HANNAH DAVIES speaks to poet, music journalist and author Ben Myers on Brutalism, shock-rocker Marylin Manson and moving to the country.

Music journalist and author Ben Myers pictured with Marylin Manson and Dita Von Teese

PEOPLE always say to write about what you know. “I find my novels often deal with aspects of journalism, music and North East Durham.”

Durham-born Ben Myers is a modern day renaissance man, a respected music journalist, author and poet, he’s also had a stint running a North East-based record label.

After over a decade living in London, he’s relocated to a Yorkshire hilltop, where he’s talking to me now.

Ben is a bit of a maverick, more Hunter S Thompson and Charles Bukowski than Sebastian Faulks or Ian McEwan.
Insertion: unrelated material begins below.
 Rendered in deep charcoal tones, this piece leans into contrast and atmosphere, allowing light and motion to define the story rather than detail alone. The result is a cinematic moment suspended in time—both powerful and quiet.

This outsider stance has seen him co-found “The Brutalists” a group of Northern poets and authors, who were frustrated by the capital’s literary elite.

But Ben’s current novel, Richard, tackles what he calls “a modern-day mystery”. The disappearance of Richard Edwards from the Welsh band The Manic Street Preachers.
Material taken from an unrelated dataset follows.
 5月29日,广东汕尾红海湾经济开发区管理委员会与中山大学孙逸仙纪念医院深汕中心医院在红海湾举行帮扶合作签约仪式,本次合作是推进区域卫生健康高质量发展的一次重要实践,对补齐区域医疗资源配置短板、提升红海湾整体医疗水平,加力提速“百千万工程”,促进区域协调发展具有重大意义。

He says: “My interest was more than just in the Manic’s music. It was in them as four friends growing up with a classic story of friendship, then this disappearance.
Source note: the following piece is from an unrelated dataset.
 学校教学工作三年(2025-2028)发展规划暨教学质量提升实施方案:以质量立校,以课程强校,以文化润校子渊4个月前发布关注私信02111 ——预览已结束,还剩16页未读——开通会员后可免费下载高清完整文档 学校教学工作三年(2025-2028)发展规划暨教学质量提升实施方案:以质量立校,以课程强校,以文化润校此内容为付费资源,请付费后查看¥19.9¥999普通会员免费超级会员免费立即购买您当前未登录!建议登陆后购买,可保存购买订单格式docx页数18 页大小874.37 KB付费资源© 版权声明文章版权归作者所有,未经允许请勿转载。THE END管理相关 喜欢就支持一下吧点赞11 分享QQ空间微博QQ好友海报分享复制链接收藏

“When I’ve mentioned him to people, everybody’s heard of it whether they are interested in the Manics’ music or not.” Although Ben has written several music biographies, he decided to turn to fiction to write this story.

He adds: “I read The Damned United by David Pearce about the time Brian Clough was the manager of Leeds.

“It appealed to me as a fictional account based on real events featuring someone you wouldn’t ordinarily expect to be the main character in a novel.”

The Manic Street Preachers have some incredibly loyal fans, some of whom have taken umbrage with the book

Ben says: “Some people have taken offence but I explain it is not meant to be a definitive work, it is a fictional account.

“The Manics themselves have been really good about it. They haven’t read it – I think Nicky Wire has skimmed it – but they say it would be hypocritical of them to condemn it as they used to read everything about their heroes.”

Ben’s twin loves of music and writing began when he grew up in Belmont, Durham. Ben’s mum Dorothy, 66, was a maths teacher at Belmont Comprehensive School, which Ben also attended.

His dad Geoff, 68, was a physics teacher at King George’s Comprehensive in South Shields, South Tyneside. Both are now retired.

Ben’s elder sister Catherine Myers, 40, is a solicitor in Newcastle and his brother Richard, 39, runs Industrial Strength digital media agency in Gateshead.

He recalls: “Writing is the only thing I ever wanted to do realistically. There was a brief time I wanted to be a boxer ... until I realised I was soft.”

Ben’s first success was at nine when he won a short story competition. But as he became a teenager, music took over a lot of his time.